エピローグにはまだ早い《日記》
連休最終日。
体調が最悪。いよいよヤバいのかも?なんて思いながら僕はぼーっとしていて周りはなんとなくバタついていた。
頭がぼんやりしてて時間感覚が無くて大体しか覚えてない。
とりあえず、だるい。
夕方?家族が呼ばれる。
部屋の引越しをするかどうかの話をしてる。父親が真顔だなあとか、兄弟がやたら撫でるなあとか、そんなことは覚えてるのに肝心の先生の説明は衝撃的な言葉に他は記憶から消えた。
あー、おれ、死ぬかもなのか。
死ぬことについて、しんどさと霧がかかった頭で考えた。
今さらな後悔がどんどん湧いてくる。
何が正解か不正解かなんてわからないけど、自分の選択ミスで今死ぬの嫌だな、とか。
恋人に会いたかったな、とか。
親孝行、祖父母孝行全然して無いな、とか。
夕飯は食べられなかったけど、死にたくなくてゼリー食べて。
もしも、死ぬなら恋人にそういう状況だって言わなきゃな。

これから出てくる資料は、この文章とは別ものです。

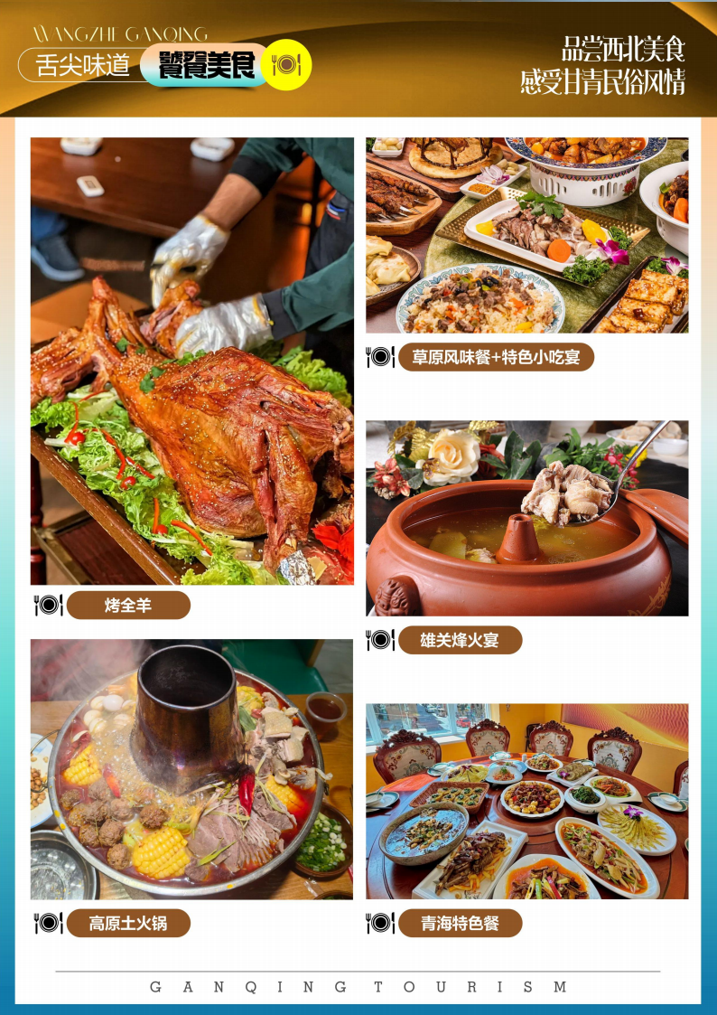 【美食鉴赏】:带您品尝西北味道,高原风情餐、特色小吃宴、雄关烽火宴、烤全羊、青海特色餐、青海土火锅等特色美食;生活的诗意,藏在三餐四季里,一粥一饭,都是烟火人间的温暖;
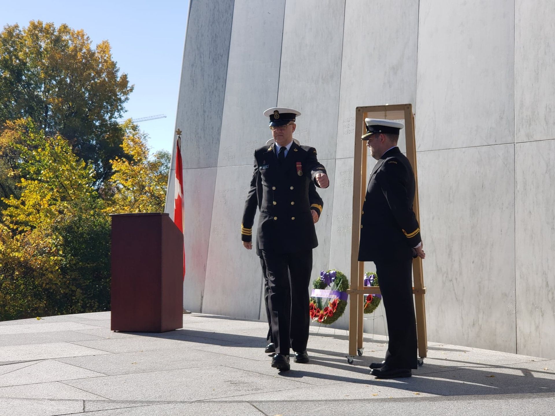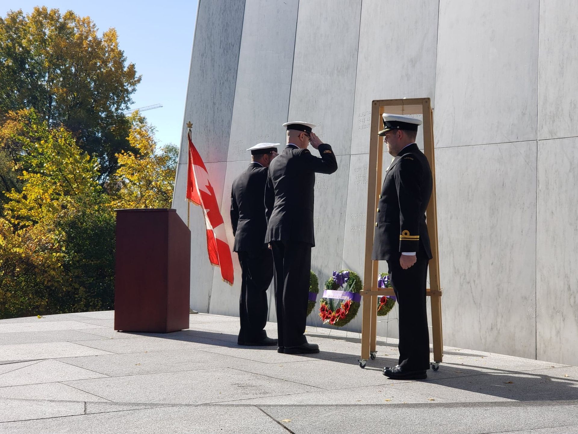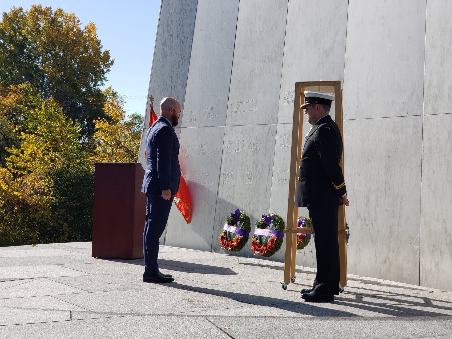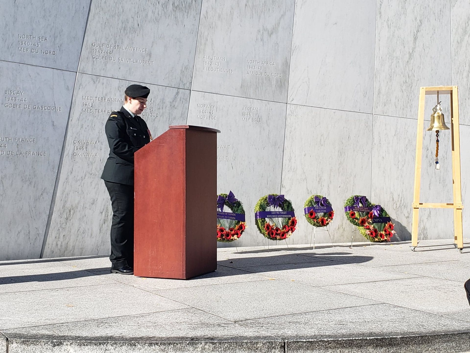 OTTAWA, YESTERDAY – Mr. Stéphane Ouellette, President and Chief Executive Officer, Merchant Navy Commemorative Theme Project (MNCTP), was joined by members of the Royal Canadian Navy, and the RCMP Veterans’ Association, at the Royal Canadian Navy Monument (Ottawa) to remember the sinking of the Newfoundland ferry SS Caribou.
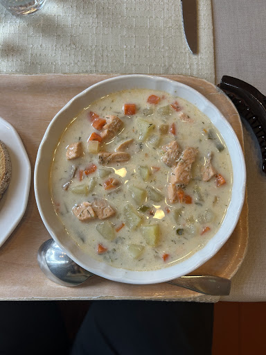 Iiris10/23/2025Such a nice, relaxing and welcoming place close to the castle, in the old town of the charming town of Savonlinna. ❤️ We enjoyed our coffee here every morning out of the five we stayed here, in the backyard, among the trees and the chirping of birds. The atmosphere is superb! As was the crispy croissant we enjoyed. We also tried the salmon soup and the reindeer stew, but also the hamburger. The interior reminds me of a noble wooden house, elegant and full of charm. The staff is very kind, nice, welcoming! I love this place! Congratulations, you do a great job! 💯👍👏❤️read moreread less
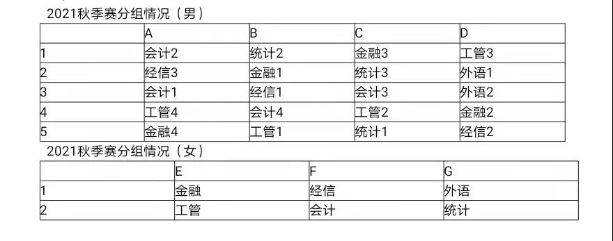 最终晋级淘汰赛的八支球队分别是会计一队、会计二队、工管一队、金融一队、经信二队、会计三队、统计一队,外语一队。
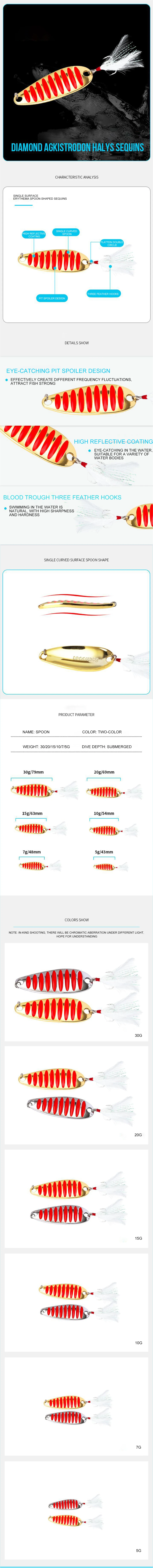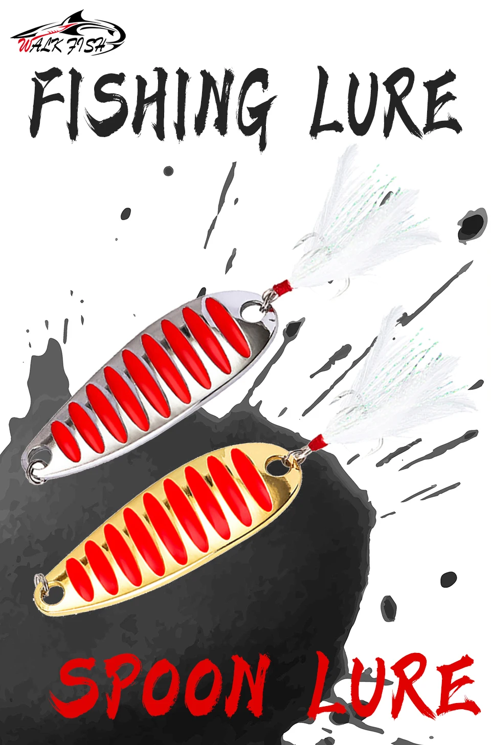 WALK FISH Señuelo de cuchara de pesca 5G 7G 10g 15G 20G 30g Cuchara de pesca de oro/plata Señuelos duros con cebos de metal de plumas Pesca
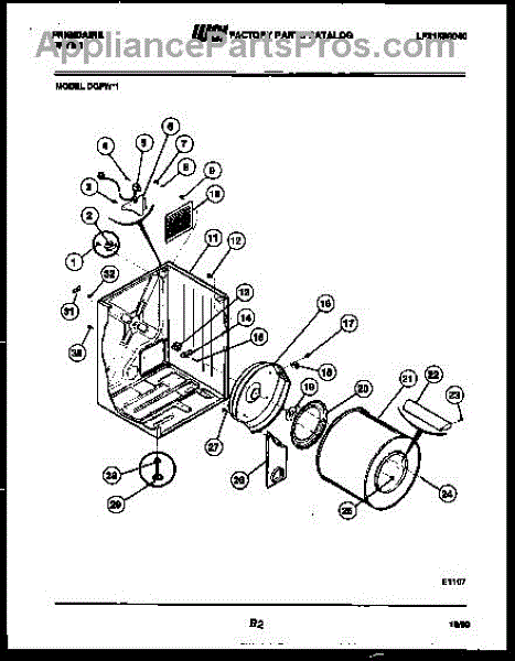 Parts for Frigidaire DGFW1: 02 - Cabinet And Component Parts
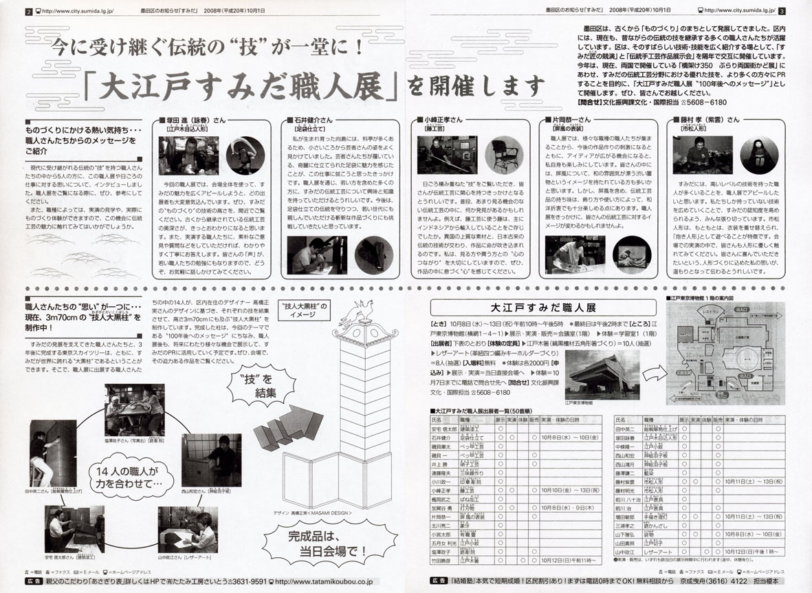 墨田区区報 『すみだ』 10月1日号にてご紹介頂きました墨田より区民に向けて毎月1日、11日、21日に発行しています新聞「すみだ」にて、今月8日から開催されます「大江戸すみだ職人展」の詳細が見開きで詳しく掲載されています。
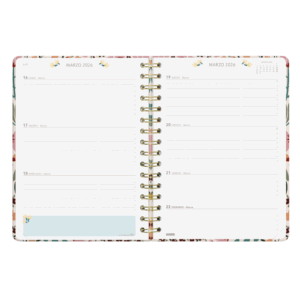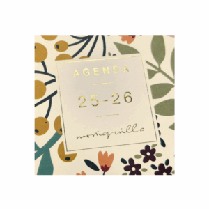 - Contenido: La anualidad de la agenda incluye: festivos nacionales, cambios de estación y días señalados. Contiene planificación mensual cuadriculada con las fases lunares intercalada en la anualidad. La agenda también dispone de otros contenidos extra: datos personales, calendarios, planificación anual en columnas, horarios, apartado para reflexiones/proyectos/ideas/retos, planes, maleta de viaje, apartado para libros/películas/series/pódcast, hojas para anotaciones y tareas, contactos, adhesivos temáticos y dos marcapáginas.
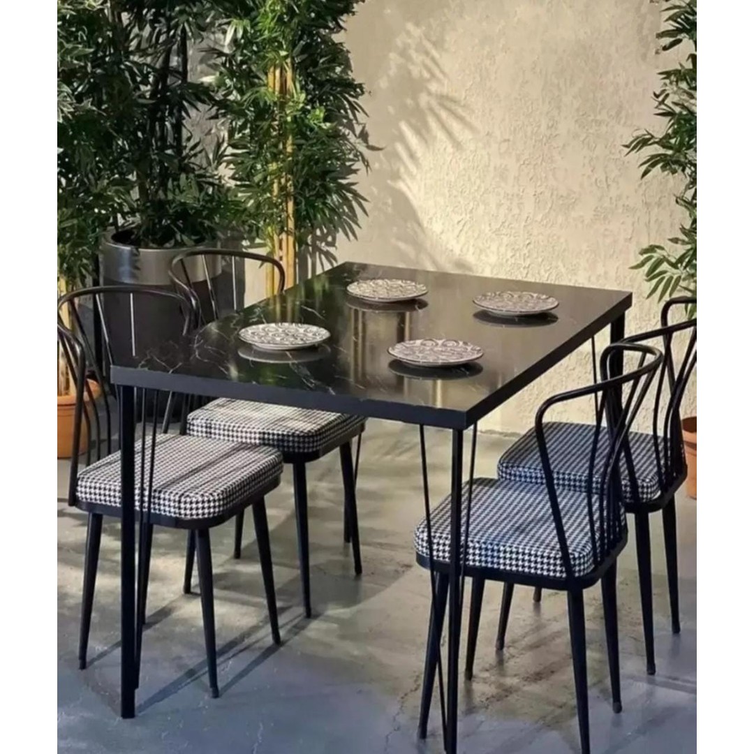 Masa ayakları döküm ve profilden malzemeden üretilmekte olup 200 derece statik fırın boya ile boyanmaktadır. Sandalyeler 200 derece statik fırın boya ile boyanmaktadır. * masa ve sandalyelerin ayaklarında plastik pabuçlar bulunmaktadır. * takım içeriği 1 adet masa ve 4 adet güneş sandalyeden oluşmaktadır.
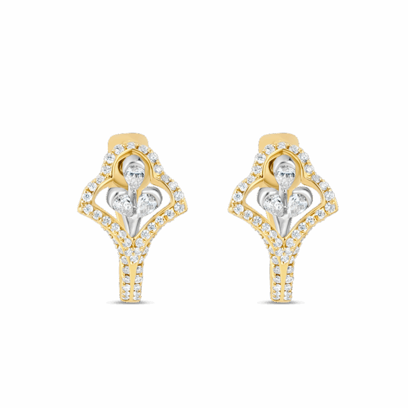 صُممت هذه المنتجات بأناقة لا مثيل لها. أقراط دائرية من الذهب عيار 18 قيراطاً من الألماس على شكل أزهار مزيج متناغم من التصميم التقليدي والمعاصر. تم إثراء الشكل الدائري المفتوح الأنيق بعنقود من الألماس على شكل زهرة في الوسط، وتحيط به أحجار ألماس مرصعة بالترصيع المرصوف الذي ينساب على طول الحواف في منحنى لطيف.
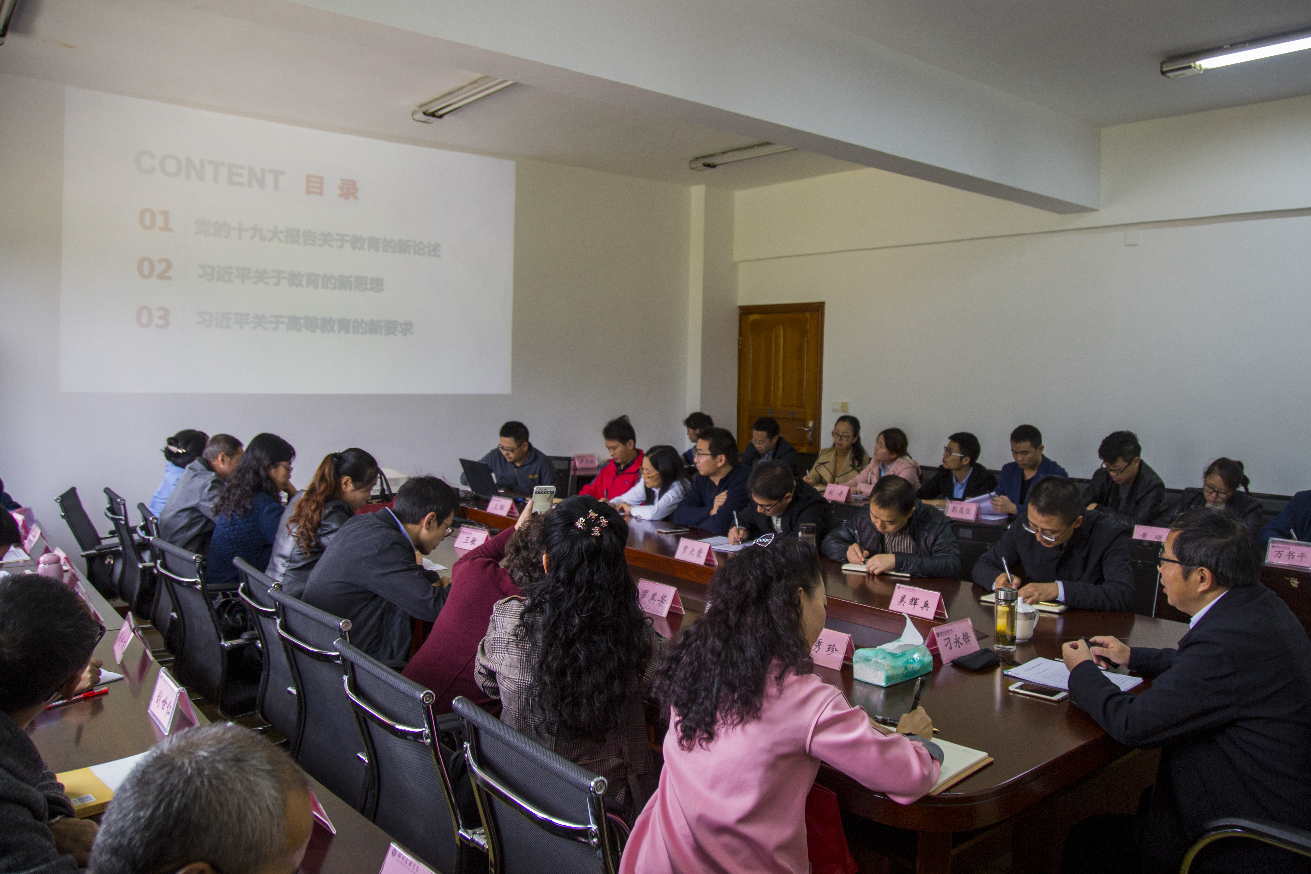 第一,党的十九大报告关于教育的新论述。首先明确了社会主义教育事业的总体方向以及不同阶段对教育提出的新要求,并不断增强教育对社会的作用;然后指明高等教育的任务、新成就和教育发展的不平衡、不充分性。其中,新时代高等教育的任务主要表现为实现内涵式发展,培养更多的一流人才。而教育的新成就则突出表现在五个方面:一是教育总体水平已经进入世界中上行列,二是教育质量明显提高,三是教育发展的条件有了历史性改变,四是教育国际影响力明显增强,五是教育改革全面深化。从这五个方面成就,我们能看到中国教育的明天更加灿烂辉煌。第二,习近平总书记关于教育的新思想。从六个方面阐述了教育的重要性。重点解读了习近平总书记提出的教育改革的“九个坚持”;并结合自己学习习近平教育思想的几点体会与公司全体教师作了分享。第三,习近平总书记关于高等教育的新要求。讲到习近平总书记指出高等教育的几个重要问题,关于党的教育方针的新描述、新说法,怎样培养人才的新要求等。重点强调了习近平总书记关于高等教育的卓越观,提出了教师应言传身教,特别是要培养德才兼备的人才等相关内容。
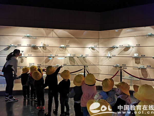 有個(gè)地方叫“南宋官窯博物館”,那里有更漂亮的瓷器。于是老師帶著孩子們踏上了博物館瓷器之旅,小朋友們一到展廳,講解員就帶領(lǐng)著他們開始了參觀,琳瑯滿目,形形色色。在這里孩子們看到了陳列在玻璃柜內(nèi)各種各樣與幼兒園不一樣的瓷器:瓷碗、瓷茶壺、瓷花瓶等,它們形狀不一樣,花紋也不一樣,講解員帶領(lǐng)小朋友一邊欣賞一邊講解,介紹了陶瓷的一些基本知識(shí),一件件精美的陶藝作品,一個(gè)個(gè)關(guān)于作品的故事深深地吸引著小朋友。
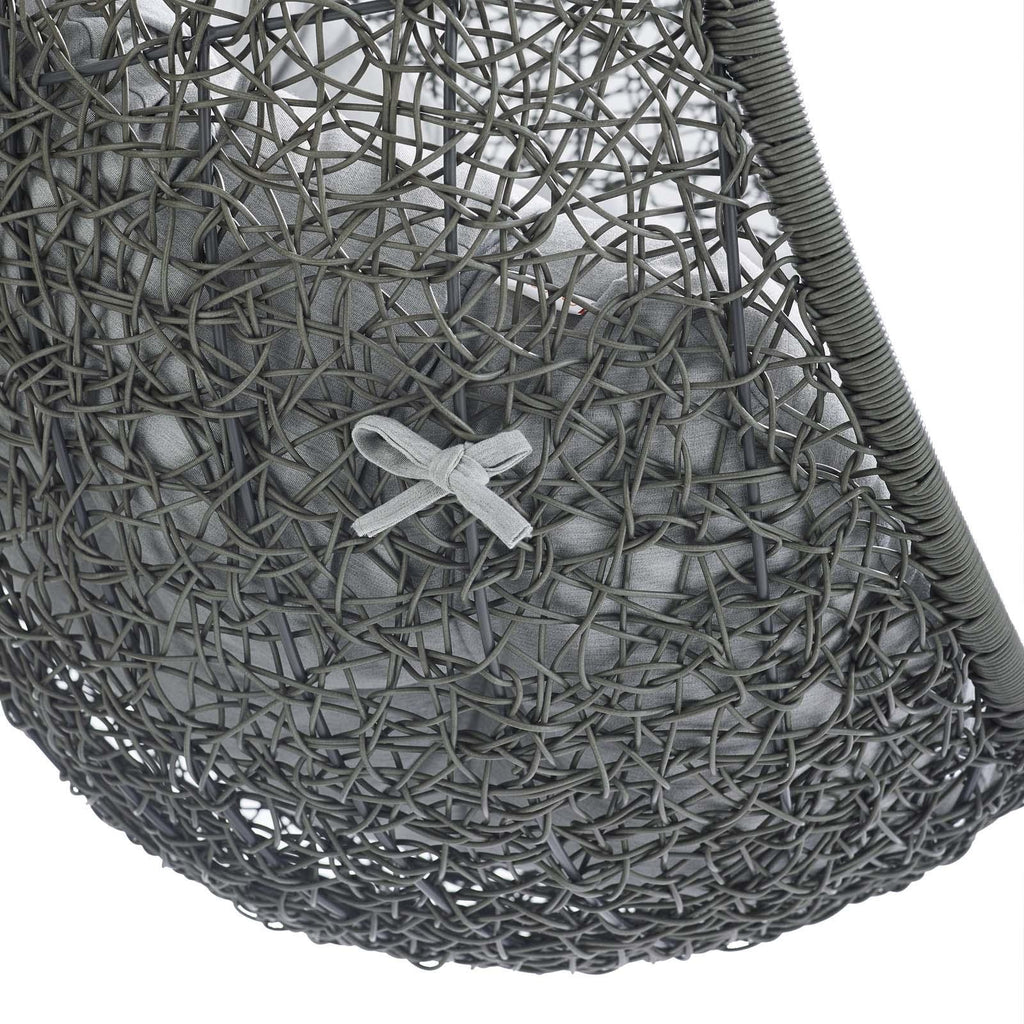 Escape to an exotic island of serenity with the Hide Swing Chair. Made with a luxurious synthetic rattan weave and plush all-weather Sunbrella� fabric cushion, Hides make it easy to immerse yourself in a good book. Hide comes with a sturdy powder-coated steel frame and hanging chain apparatus that works well to enliven your patio, backyard, porch, or poolside d�cor. Stand-alone swing hammocks are also popularly used in indoor lounge, living, or bedroom spaces. Hide is weather and UV resistant.

声も聞きたいし。
すぐ電話してくれたけど『死ぬかも』なんて中々言い出せない。
言葉にしたら現実になりそうで、怖くて言えない。
そしたら、言葉より先に涙が出てきて、彼女は良くない話があるんだと察して、それでも聞くよ、と。
死ぬかもの話の前に死にたくないが出てくる。
本当に上手く話せない。何度も何度も、言葉を飲み込んで。
こういう時、穏やかじゃいられないことに自分の小ささを感じるし、やりたいことのためにどうするか考えてた矢先にこんな風になるのは、到底納得出来なかった。
RADWIMPSのうるうびとの歌詞みたく、全人類から10分寿命を貰いとかわがままに願ってしまうくらいに死にたくなかった。
なんとかかんとか、今の状況を話して、ちゃんと死ぬかもってお知らせして。
言ってしまったら、身勝手にも少しだけ安堵してしまった。彼女の声の安心感。おしゃべりをしてなくても繋がっている安心感。あんなに眠るのが怖かったのに、不思議と安心して眠ってしまった。
目覚めるか、明日の朝、普通に起きるかも解らないのに。
君より先に死なないっていう約束を破るかもしれないのに。
朝が来るまで、何度も起きたと思う。
目が覚める度に看護師さんがそこにいて、看護師さんとと目が合い、あー、良かった生きてる。そう思ってまた寝た。
朝になって、部屋を移動した。
連休で、人が少なかったのに僕は迷惑かけてるなあ……とか思ってた。昨日、移動しても良かったんだろうけど、家族と会ったり、僕が大切な人に電話する時間くれたり、猶予をくれていたのかなと今は思う。
そうして、今日。
相変わらず、体調は悪い。でも、昨日よりマシな気がする。安静だし、様相は重病人だし(重病人ではあるんだけど)この日記書くのも1日かかったし。
それでも、生きてる。もう大丈夫って言われたわけじゃないし、これからしばらく安静だから彼女と電話もあんまり出来ないけど、なんにも出来ない、なんにもしないを頑張って、少しでも日常を取り戻せますようにと願う。
書きながらも、何度も何度も色んなことを後悔しては色んなことを思い出した。
こうならないようにもっとわがままに生きても良かったのかな。いや、単純にまだ生きた時間が足りてないのか。
少しづつ、メンタルは落ち着いた様な……いや、全然だけど。
とりあえず、生きてる。
もっと、生きたいなあ。
せめて、彼女が旅立つのを見送るくらいに。